ECB needs to rethink market neutrality

It’s time to address market failures and carbon bias in financial markets

Drastic efforts are needed to reduce carbon emissions and meet the climate goals of the Paris agreement. While governments are the driving force behind the transition to carbon-neutral economies, central banks have an important role to play in identifying and reducing climate-related risks.

These risks are often not accurately priced in financial markets. This is mainly due to inadequate carbon pricing and incomplete information about climate-related exposures. As a result, financial markets do not fully internalise expected costs of climate change and climate-related policies in asset prices. This market failure leads to inefficient allocation of resources and carbon bias in capital markets.

The most direct way to address this is for governments to introduce better carbon pricing measures. This will force markets to internalise climate-related externalities and make sustainable investments more attractive compared to carbon-intensive alternatives.

Global accounting standards for climate risks are needed to foster better transparency and address information gaps in markets. Central banks can contribute to this in two ways.

First, they can disclose the climate-related risks of their balance sheets. This sets an example and could encourage the disclosure of such risks by other financial market participants.
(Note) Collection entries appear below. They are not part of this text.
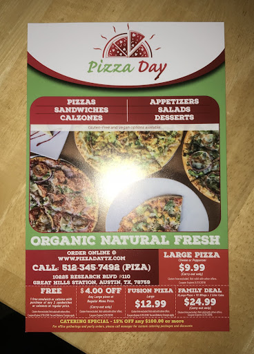 Read morePlaced an order at Pizza Day today and we just weren't satisfied with the food. Which happens. Not a problem. But I tried to call 5 or 6 times during the course of an hour to try and see what their satisfaction policy was, and didn't get through until 8:30. I think that's pretty bad for business - if they're that busy, they should consider hiring someone who can take calls. Not getting through once is fine, but taking an hour is a little absurd. We ordered a vegan pizza and calzone, and just didn't like it. Here's the problem: When I called to see if they had a satisfaction policy, I was met with the most disrespectful manager (named Roger) I've come across in a long time. I was polite and trying to ask questions, and he was very abrupt. I attempted to tell him that it was ok if we couldn't get a refund ($26), but instead he just said things like "yeah, that's the way we do it" and "no one ever has a problem" and "yeah...can't give you a refund because you didn't like it." And I would have been totally fine with that if he wasn't so rude. I love to do local business, especially with places that have vegan options, but I really only want to do business with respectful people. I hung up the phone before he could continue being rude. It was just really...
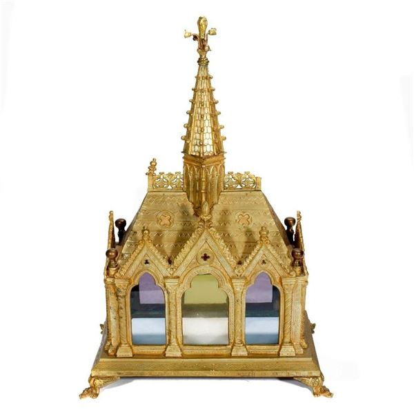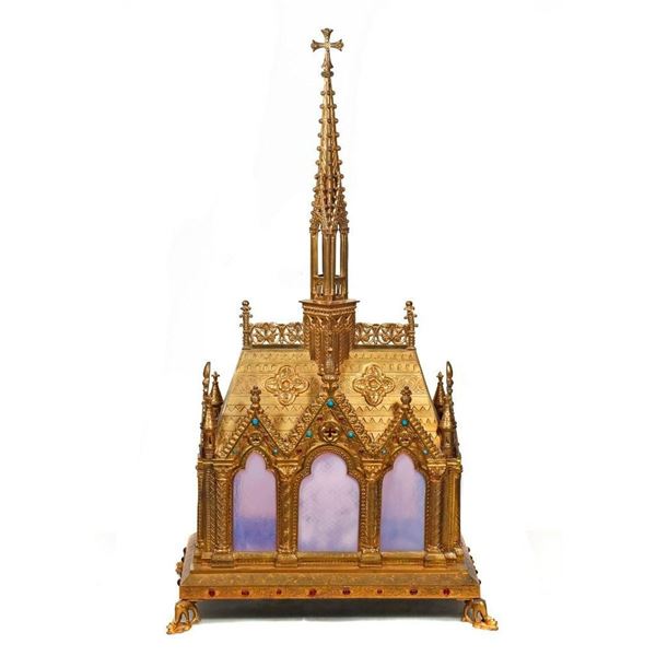 In the form of a gothic cathedral, on dragon-form feet; with red, pink, and clear green glass windows. Condition: This reliquary is missing t
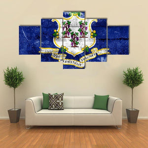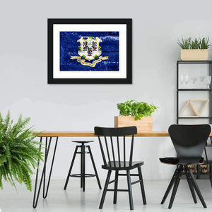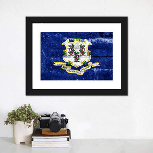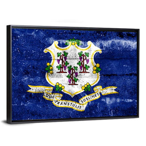 This canvas depicts the Connecticut state flag and coat of arms, including the grunge-textured banner that reads "QUI TRANSTULIT SUSTINET." The vintage, textured finish and historic, patriotic mood make it a calm, characterful piece for home wall decor and modern interiors.
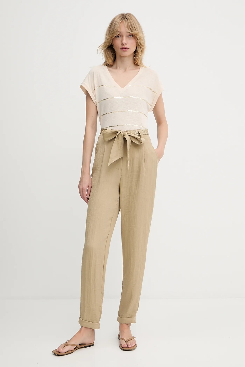 Брюки Morgan цвет бежевый прямые высокая посадка PAVIK 5218557
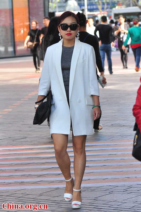 Una mujer camina por las calles de Sanlitun en el distrito Chaoyang de Beijing, el 8 de abril de 2016.Los hombres y mujeres jóvenes de moda están impacientes por lucir sus estilos de verano a principios de primavera. [Foto por Guo Yiming / China.org.cn]
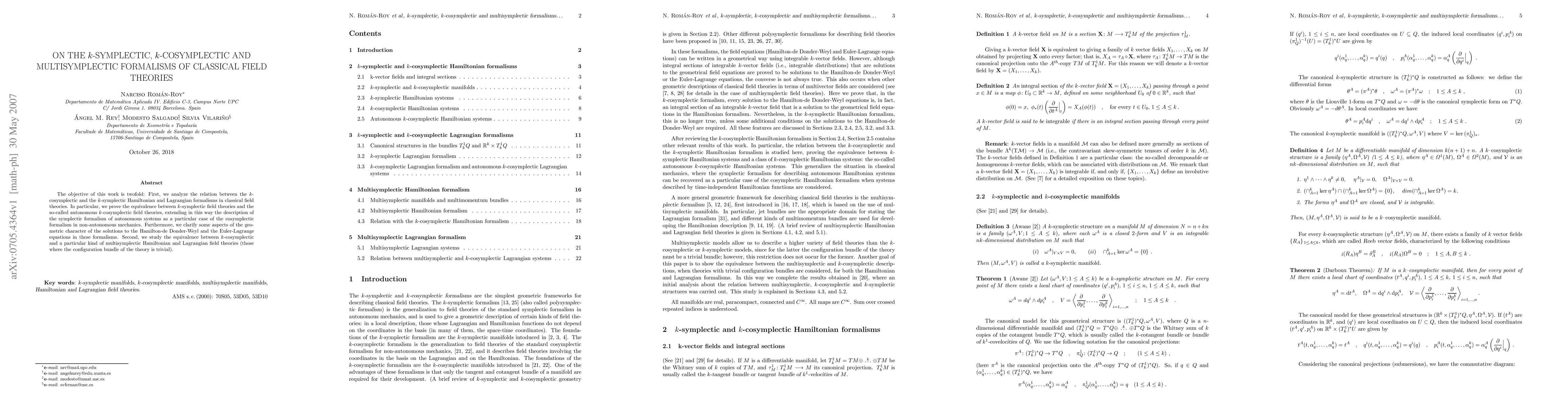 This paper explores the equivalence between k-symplectic and k-cosymplectic formalisms in classical field theories, proving that k-symplectic field theories are equivalent to autonomous k-cosymplectic field theories. It also investigates the relationship between k-cosymplectic and multisymplectic formalisms, particularly when the configuration bundle is trivial.
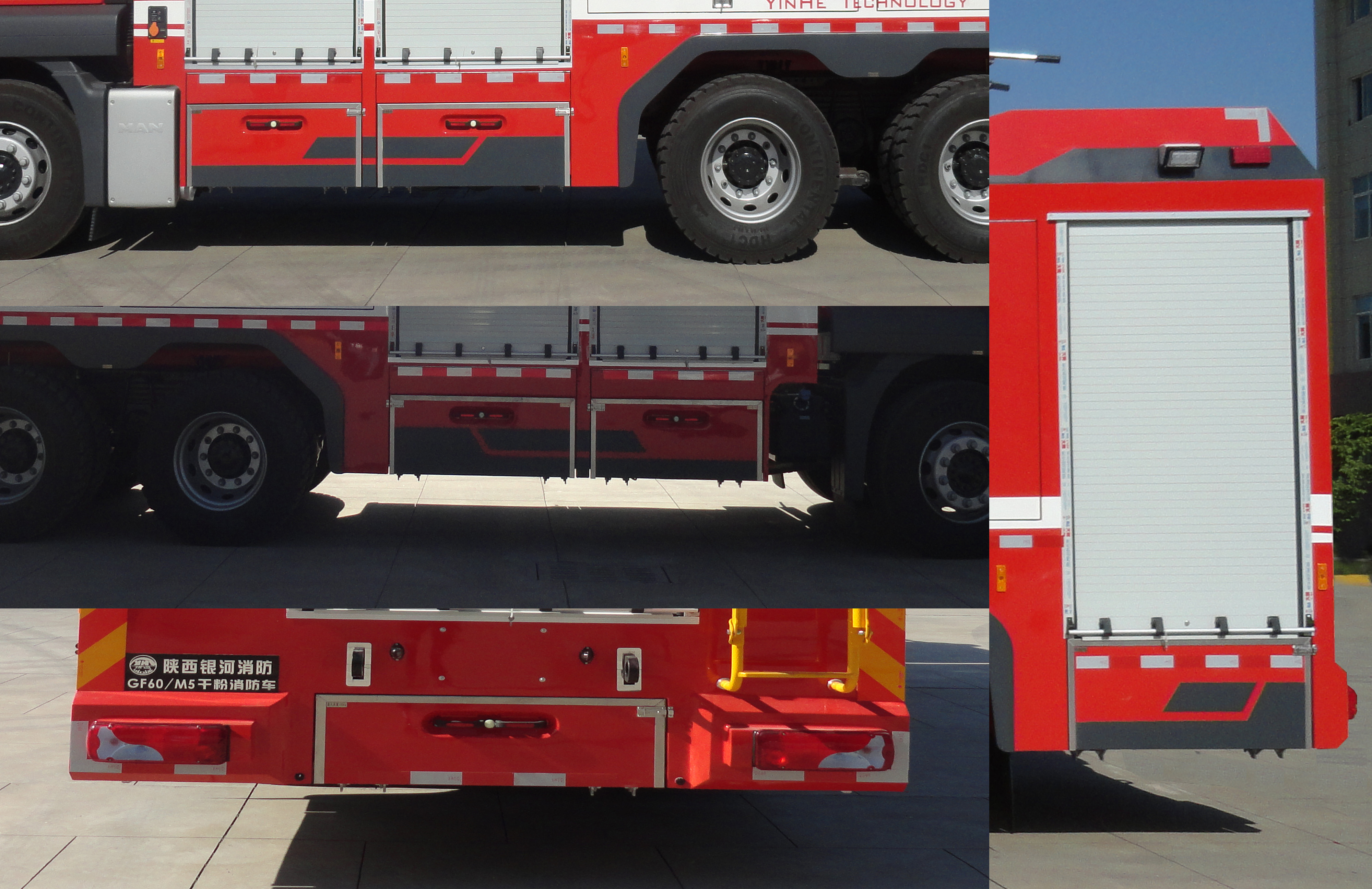 | 干粉罐总容积为6.0立方米,单个干粉罐总容积为3.0立方米,单个干粉罐尺寸(直径赘?:1800?220mm。整体式侧后防护结构,后防护离地高度:471mm。,后伸:145。ABS生产企业为:KNORR,型号为: 0 486 106。主要专用装置有干粉系统。 |

Second, central banks may consider making climate disclosures a requirement in their monetary operations (both in refinancing operations and purchase programmes). This transparency would help central banks improve their assessment of climate risks.

Central banks should also consider addressing carbon bias in their monetary operations, which comes from carbon bias in financial markets. For example, the European Central Bank applies the concept of market neutrality in its purchase programmes. However, market neutrality in the form of a market capitalisation weighted benchmark – as used in the ECB’s corporate sector purchase programmes – may not be appropriate. Market failures that distort relative prices may be a reason to use other concepts of market neutrality that better reflect climate-related risks and externalities.

What is appropriate may differ for each central bank, dependent on its mandate and the type of monetary operations. The ECB has to consider how to take into account climate-related risks in monetary policy, because climate change can directly and indirectly affect price stability.

The ECB also has to support general economic policies in the European Union, one of which is ‘a high level of protection and improvement of the quality of the environment’. In its strategy review, the ECB is exploring how, within the boundaries of its mandate, it can consider climate-related risks in the conduct of its monetary policy.

So, although governments are the primary actors in climate-related policies, central banks have an important role to play in fostering transparency and in the way they shape their monetary policy and operations.

Olaf Sleijpen is an Executive Board Member of De Nederlandsche Bank.